# Hickory or pecan burl?



## Tclem (Jun 16, 2015)

my cousin just went to work surveying land and found this today. He said it was a hickory but the bark where it hits the main beam looks line pecan to me. what do yall think


----------



## Kevin (Jun 16, 2015)

The pecans are a true hickory, and it is often difficult to tell the difference without leaves and fruit. I'd say @Mr. Peet is your best chance to get it ID'd.

I'll move this to the ID forum for a better shot at getting help.


----------



## Tclem (Jun 16, 2015)

Kevin said:


> The pecans are a true hickory, and it is often difficult to tell the difference without leaves and fruit. I'd say @Mr. Peet is your best chance to get it ID'd.
> 
> I'll move this to the ID forum for a better shot at getting help.


Thanks I didn't realize how I got it to that forum


----------



## Mr. Peet (Jun 16, 2015)

It looks to be Pecan. I think Kevin may have typed too fast. The "True" hickories are strongly ring-porous while the "Pecan" hickories are more often semi-ring-porous. So, when I said "Pecan" I referred to the pecan group, not the true hickories.

After a long wait and some superb "Hindsian" end grain sanding, we will all likely be able to place it in one group or the other. As for specific species, not a chance unless your cousin is a dendrologists that likes teasing and will fess up later...


----------



## Tclem (Jun 16, 2015)



Reactions: EyeCandy! 5


----------



## Kevin (Jun 17, 2015)

Yes I put my fingers in gear before my brain. Many woodworkers don't know that pecan is hickory ( in the hickory genus _carya _just different species) that was my only point. Lumber suppliers will often sell hickory as pecan and 99% of the buyers can't tell the difference unless they take a loupe and know what to look for. Pecan is to hickory what persimmon is to ebony. Pecan is a type (species) of hickory i.e. _carya ovata_ and persimmon i.e. _diospyros texana_ is a type (species) of ebony. 

So if someone says _"pecan wood is hickory wood"_ they are not wrong. They are just not being specific enough to ID the species but naming only the genus. I'm sure this is all open to be ripped to shreds but it is my understanding of the matter.


----------



## barry richardson (Jun 17, 2015)

Yup, looks like Pecan Hickory to me......
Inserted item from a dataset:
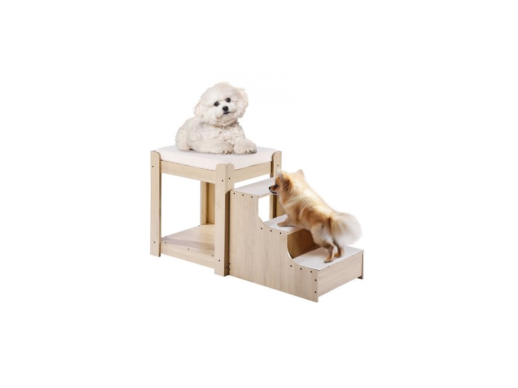 Patrová postel VEVOR pro domácí mazlíčky se schody, okenní bidýlko pro psy/kočky, víceúrovňová postel s okenním bidýlkem a nočním stolkem pro psy, vyvýšená plošina s pěnovým polštářem, pohovka s pelíškem pro použití u postele v interiéru (béžová)Multifunkční pelíšek pro domácí mazlíčky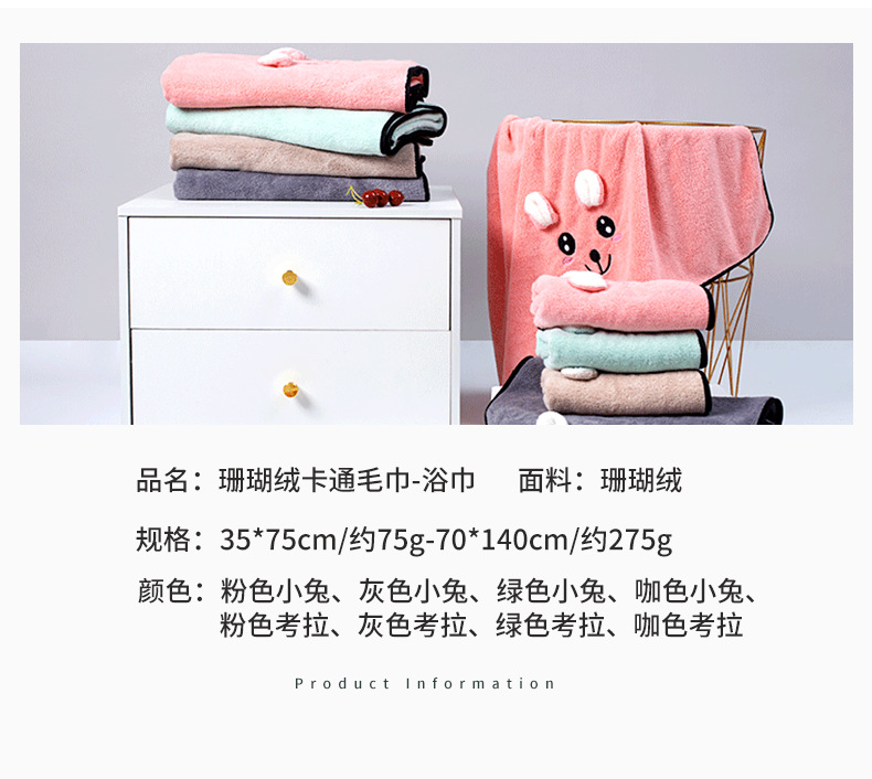 Toalla de terciopelo coral engrosada fuerte absorbente de secado rápido toalla de cara linda toalla de secado de pelo del hogar toalla de secado al por mayor

Reactions: Agree 1 | Funny 1


----------



## Mr. Peet (Jun 17, 2015)

Kevin, If I upset you, sorry. If your busting my gulls, ok. Brue Hoadley's book basically puts most northern hickories (above I 70) in the true hickory group and several of the southern species in the "Pecan" group. Yep, all hickories to me. _Carya aquatic, cordiformis_ and _palmeri _are in the sub-section Apocarya, also know as the "pecan group", along with_ C. illinoinensis_.

None of this really matters at present, the burl score is what counts. Hope you get some nice product from those blanks Tony.


----------



## Tclem (Jun 19, 2015)

@Kevin this was all I was able to get but it was 100000% a pecan tree


----------